A escasos quinientos metros de la villa, en la partida de los Castellares, sobre la Plana, se ha excavado un poblado iberoromano con hallazgos de la época, sobre todo cerámica pintada. Se documenta la existencia de Herrera desde el siglo XII, cuando en 1128 Alfonso I concede unas casas en Ribas a García Aznar de Ferrera, teniendo también noticia de que en diciembre del mismo año era tenente de la población Gastón de Belorado. Perteneciente a la sexma de Trassierra de la Comunidad de Daroca su término fue coto de caza real.

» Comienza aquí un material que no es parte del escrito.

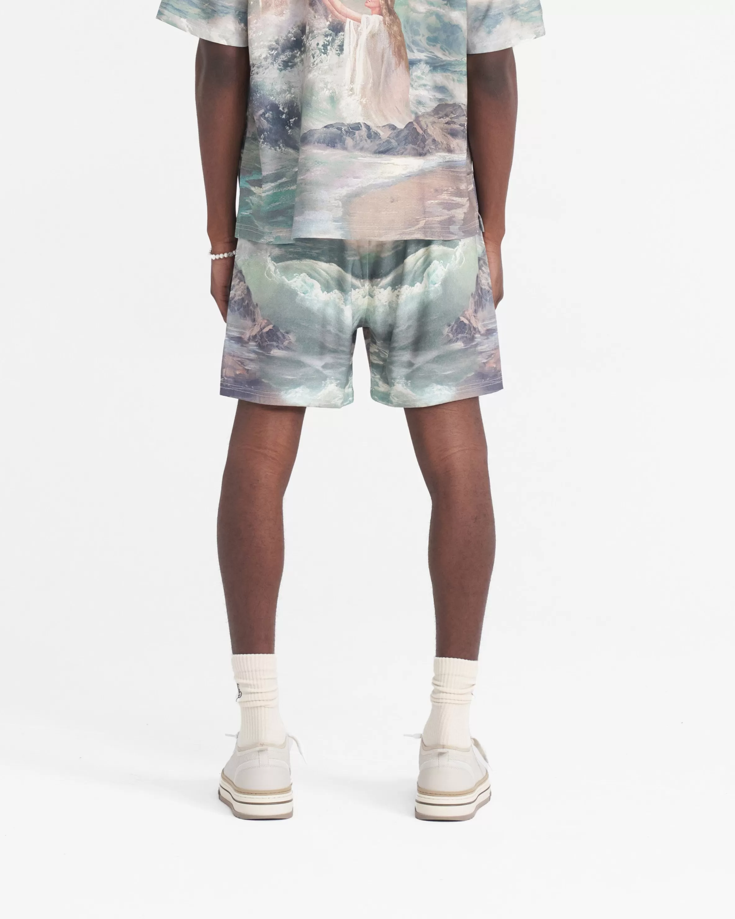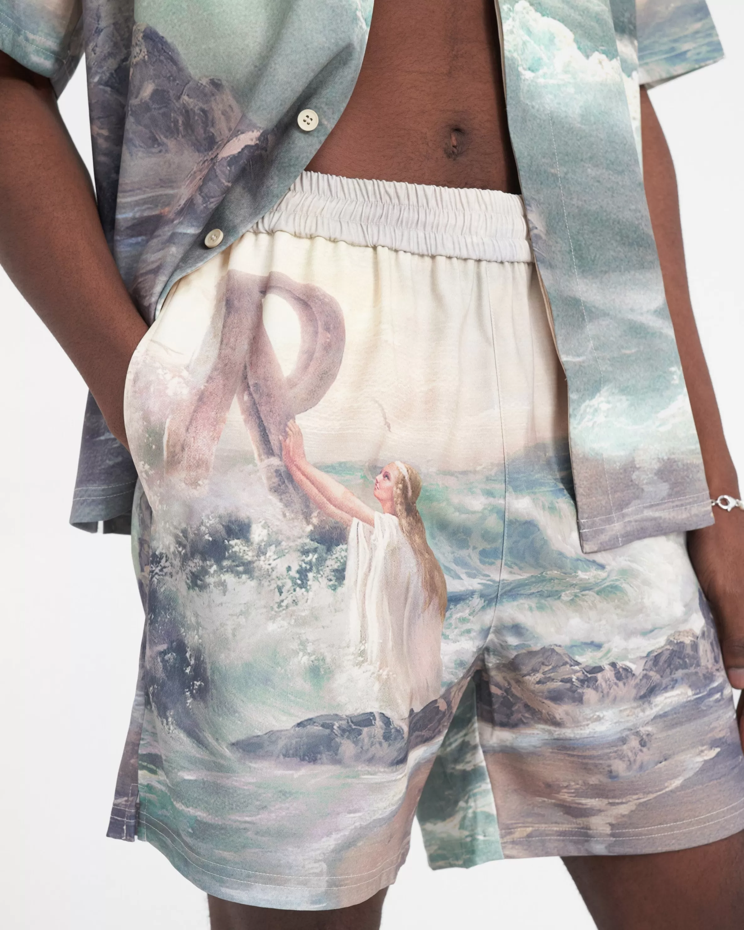 Introducing the Higher Truth Shorts, a relaxed fit short style featuring our full Higher Truth artwork print to the garment, depicting an otherworldly figure reaching to a stone Initial sculpture. The Higher Truth shorts have an elasticated waistband with internal drawcord for an easy adjustable fit, and hand pockets to the side seams. Relaxed Fit Shorts Full Print Artwork Elasticated Waistband Internal Drawcord Composition: 93% Polyester, 7% Elastane Care: We recommend hand washing only in mild detergent and hang dry only. Cool iron on the reverse side. Do not bleach, tumble dry or dry clean. Do not pile whilst damp. Model is 182cm and 73kg wearing size MediumProduct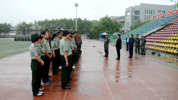 在军训场地,连文生大校对承训教官和参训学生在连日阴雨中依然坚持刻苦训练的坚强意志和顽强作风表示赞赏。他逐一视察各连方阵,看望慰问承训教官、参训师生,详细了解了连队编排、训练项目等各方面工作开展情况。他要求承训教官,一要严格施训,认真组训,确保新生军训效果;二要通过军训,增强学生体魄,磨炼学生的坚强意志,锻造学生的优良品质;三要严格保证训练质量,确保学生安全。他希望2018级学生通过军训,进一步增强国防意识和爱国情操,培养艰苦奋斗、吃苦耐劳的作风,圆满完成训练任务,以饱满的热情和良好的精神面貌开启大学生活。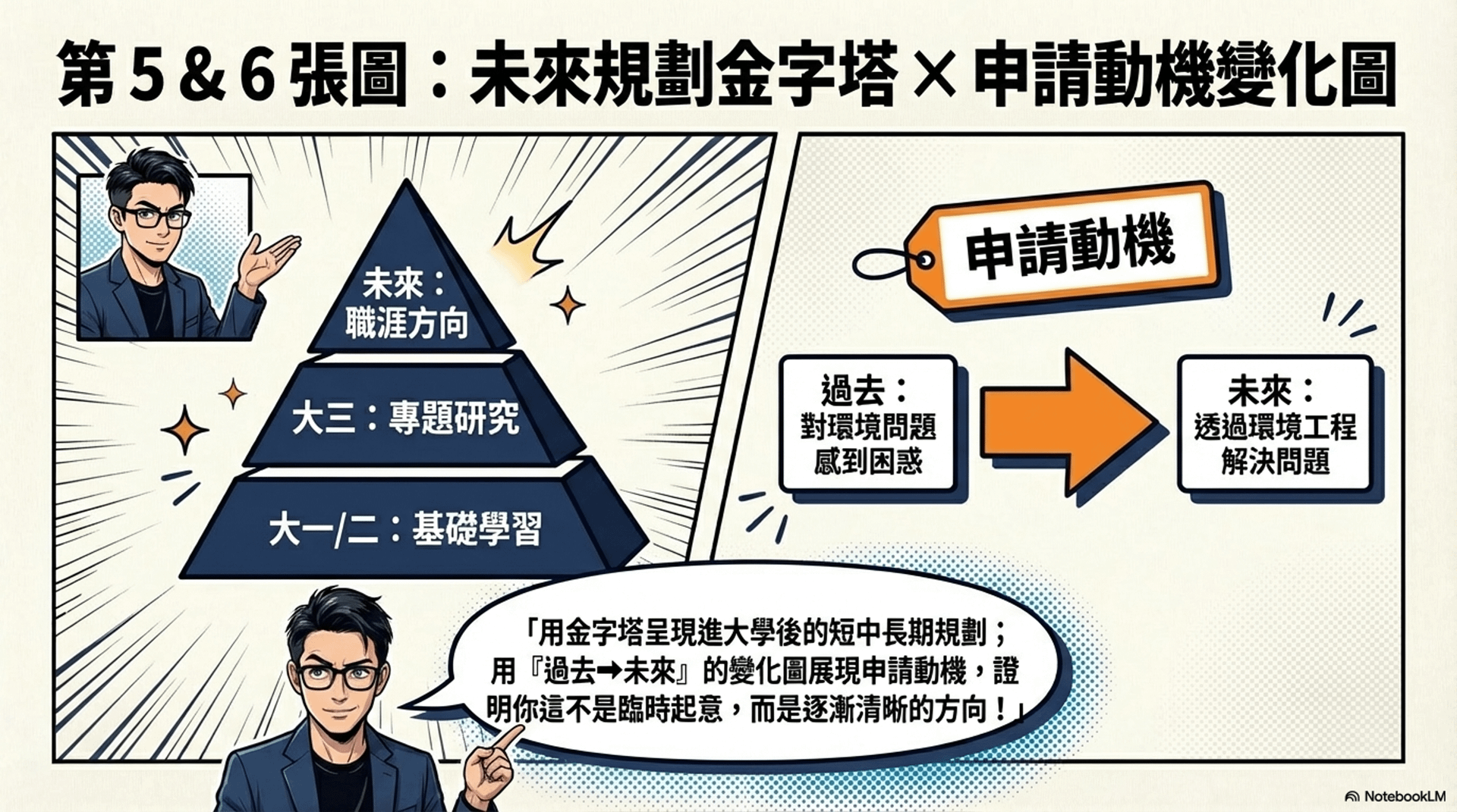 如果你正在準備申請大學,或是正在幫孩子整理備審資料,不妨試試看先用這六張圖把整體想清楚,再開始寫內容。

Por último, y para terminar esta pequeña introducción, parece necesario hacer referencia al apelativo “de los Navarros” que en un principio se atribuyó a su posible repoblación tras la reconquista por gentes venidas de tierras navarras. La última interpretación que se hace del mismo parece más verosímil, pero debe de tomarse con todas las reservas: lo relaciona con las cruces florlisadas que aparecen en la portada de la iglesia, las cuales pueden verse también en la iglesia de San Miguel de los Navarros de Zaragoza y que parecen estar relacionadas con el obispo Pedro Aznar de Rada en cuyo blasón aparecía esta cruz.

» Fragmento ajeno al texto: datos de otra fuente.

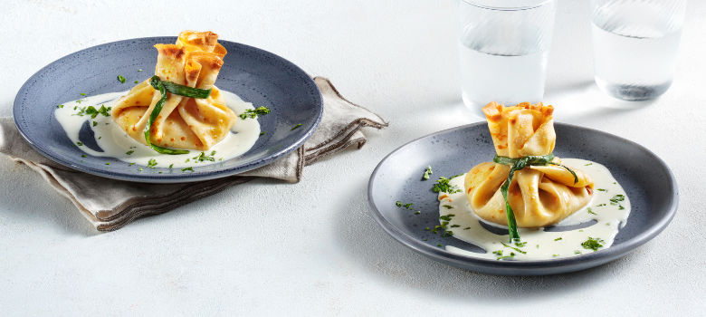 Κλείνετε κάθε κρέπα σε πουγκί και τη δένετε µε µία λωρίδα από το ζεµατισµένο κρεµµύδι.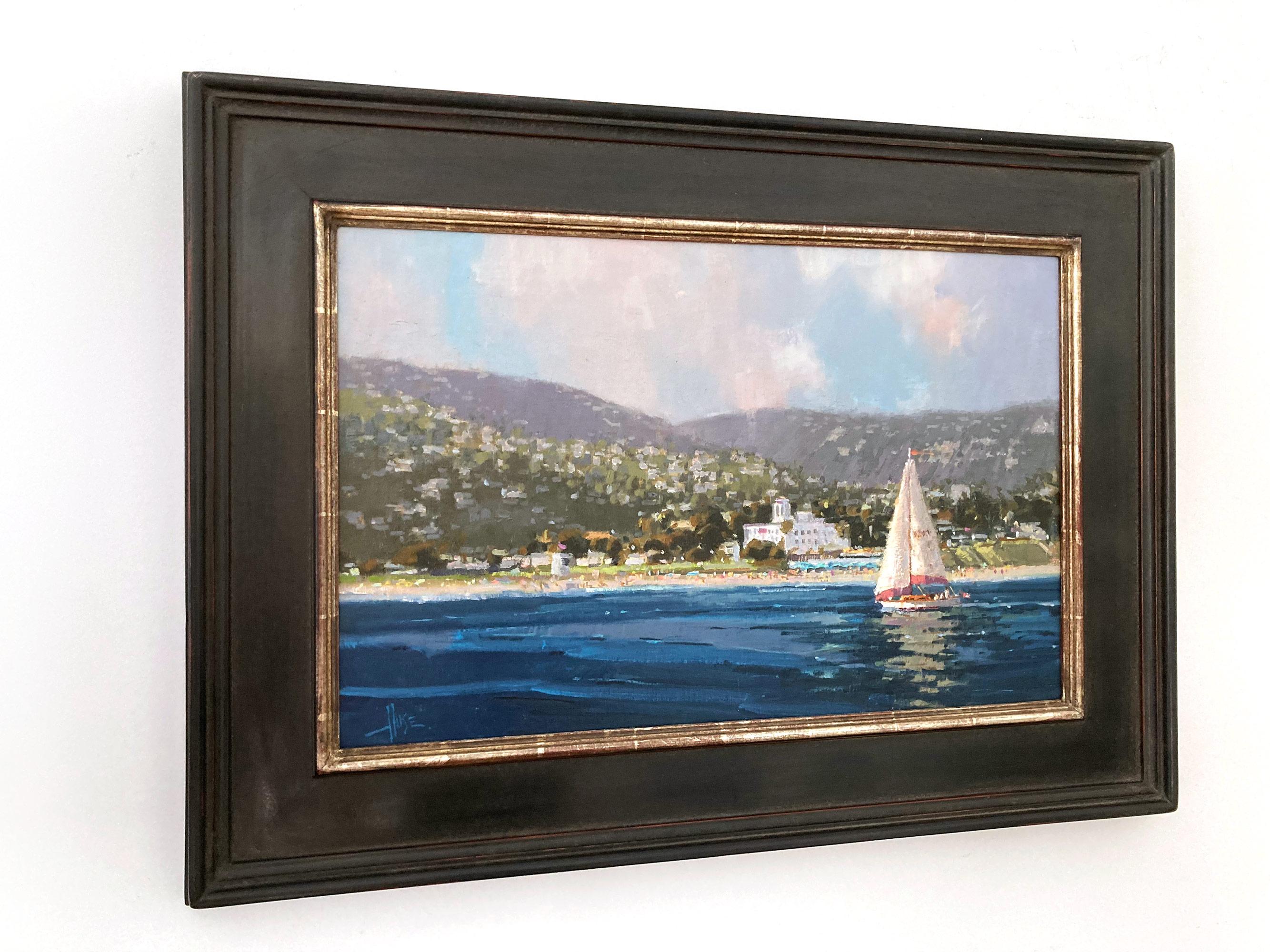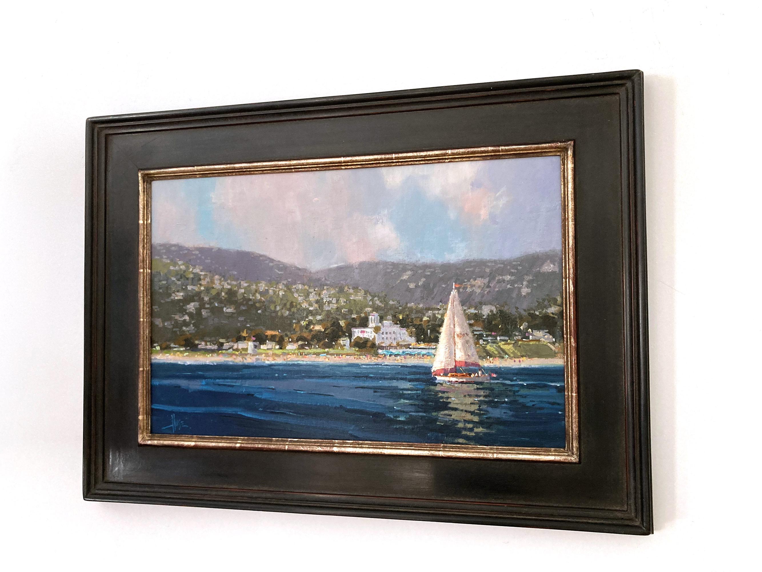 "Was für ein Tag für einen Tag Traum" Plein Air Segelboot w Küstenansichten Gemälde gerahmt

Tomando la calle principal que corre paralela al río se llega hasta la plaza principal o plaza del Castillo, en cuyo frente se levanta el edificio y torre de su parroquial de San Juan Bautista.

 
 

El conjunto tal y como hoy lo contemplamos es producto de cuatro etapas constructivas que abarcan desde mitad del siglo XIV hasta finales del XVII, y de las cuales las dos primeras se corresponden con la fábrica mudéjar, la primera de mediados del XIV y la segunda de principios del XV. En el siglo XVI se añadiría el cuerpo de campanas de la torre y en el XVII la cabecera y el crucero convirtiéndola en iglesia de planta de cruz latina. Esta parte de la cabecera y crucero fue la que más daños sufrió durante la guerra civil de 1936-39, teniendo que restaurarse en su mayor parte, cubriendo el crucero con la cúpula hemiesférica sobre pechinas reforzadas que ahora se ve y los brazos y presbiterio con bóveda de arista.

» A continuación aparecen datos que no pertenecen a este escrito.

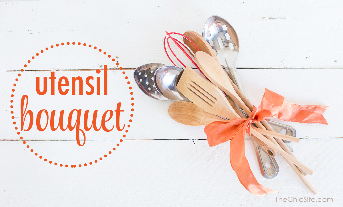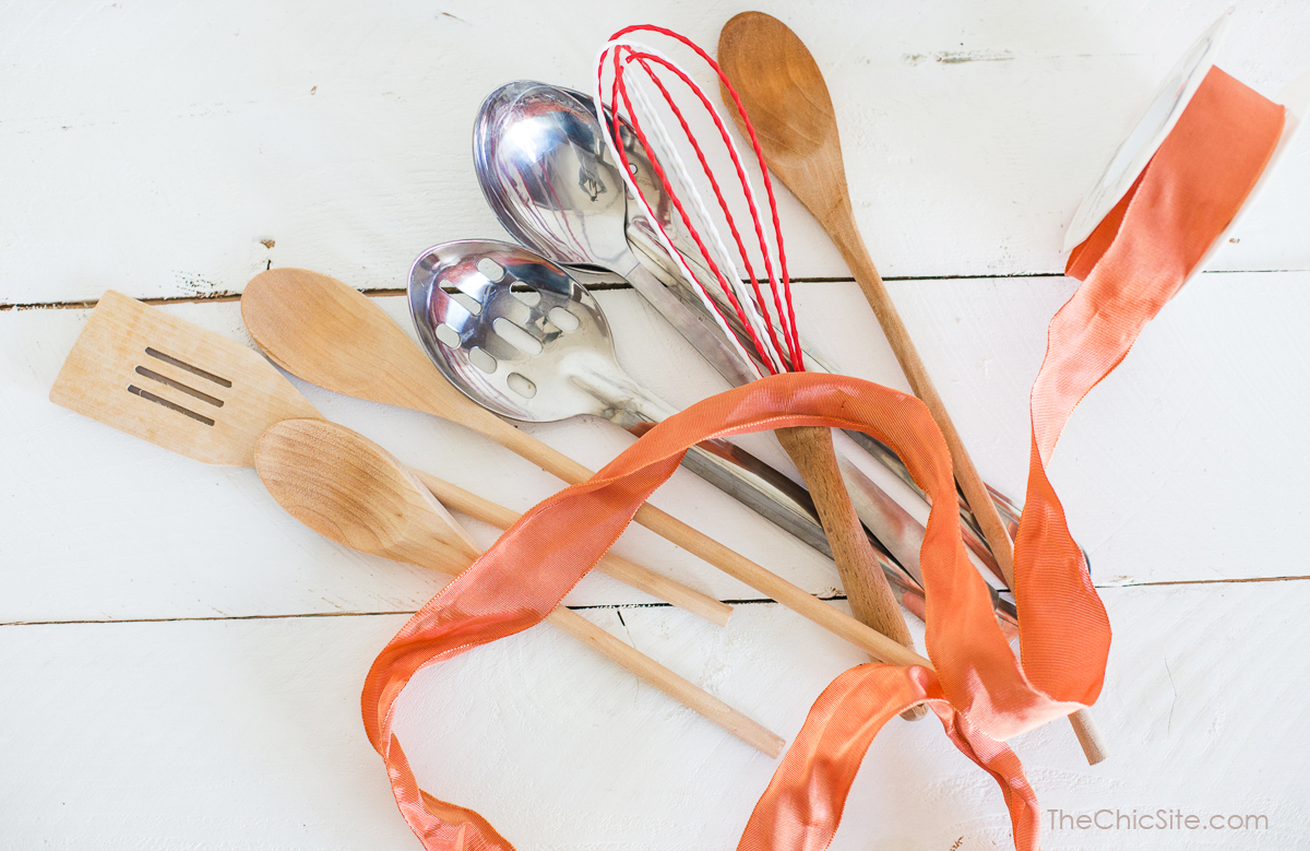 New Kitchen Utensils – I suggest sticking with matching colors, I like wood and stainless steal because I think they’re prettiest in bouquet-form!

El templo y la torre se encuentran totalmente exentos a excepción del hastial occidental donde se levanta adosada la casa parroquial, ocultando de esta forma la parte baja de la torre y el tramo de los pies del templo.

 
 

A pesar de ello, dada la estrechez de las calles adyacentes, a excepción de la amplia plaza que se abre al frente la mejor vista de conjunto que permite ver en detalle tanto la parte mudéjar como la ampliación barroca, se obtiene desde la carretera, cuando se baja dirección a la localidad viniendo desde Aguilón.

Así pueden contemplarse perfectamente los tramos de la construcción medieval con la torre campanario y las tres torres contrafuerte que se conservan, al haber desaparecido las dos correspondientes a la cabecera cuando se levantó el crucero y la cabecera en 1681, sustituyendo al primitivo testero que sería recto con triple capilla, al igual que las iglesias de Tobed o Torralba de Ribota. Igualmente se observa perfectamente el andito o tribuna que corre por laterales y pies de la nave.

 
 
 

Desde la plaza quedan visibles los dos tramos de la nave y la torre, ocultando la calle que se abre en su lateral, crucero y cabecera.